Village in Shropshire, England

Hopton Wafers is a small village and civil parish in south Shropshire, England. The population of the public parish at the 2011 census was 753. The village is at the north of the A4117 road, and to the west of the market town of Cleobury Mortimer.

Its name is derived from Old English hop (a side valley running off a larger valley, originally from a Celtic word) and tun (farm or settlement), along with the name of Robert de Wafre, an early holder of the manor.

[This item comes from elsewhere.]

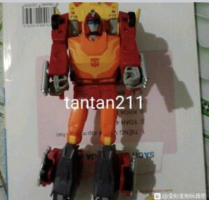 Hot Rod is believed to be a Voyager, and looking at this photo, it’s fairly believable, with little extras like hinged fingers evident. It’s been speculated that Hot Rod may be a Voyager equivalent to Earthrise Cliffjumper, which is to say that it would be similar in volume to a Deluxe, but with additional complexity and number of parts (including accessories) afforded by the Voyager price point’s greater budget. The hands may help to demonstrate this, as the closed hands should be 5mm peg compatible, but look a little large relative to the rest of the robot.

A post-medieval glassworks was in Hopton Wafers which produced glass in the 17th and 18th centuries.

The village church, St Michael and All Angels, was built in 1825: a Norman church had previously stood on the site, but had become dilapidated. The works were funded by Thomas Botfield, who had purchased the manor in 1812. The church contains two war memorials: a marble plaque to men of the parish of Hopton Wafers with Doddington who died serving in the World Wars and another plaque to Lance Corporal Samuel Edwards, KSLI, who was killed in World War I in 1915. The churchyard contains war graves of another KSLI soldier who died in the latter war and of a Royal Army Service Corps soldier of World War II who are among those listed on the parish memorial.

There is a pub in the village, named The Crown at Hopton.

The county's last remaining emergency escape lane (a sand trap for vehicles unable to brake) was removed in 2014 after being deemed both obsolete and potentially dangerous; it was located at the foot of Hopton Bank (on the A4117).

The 292 bus service (Ludlow-Bewdley-Kidderminster), operated by Diamond Bus, provides regular public buses from Monday to Saturday.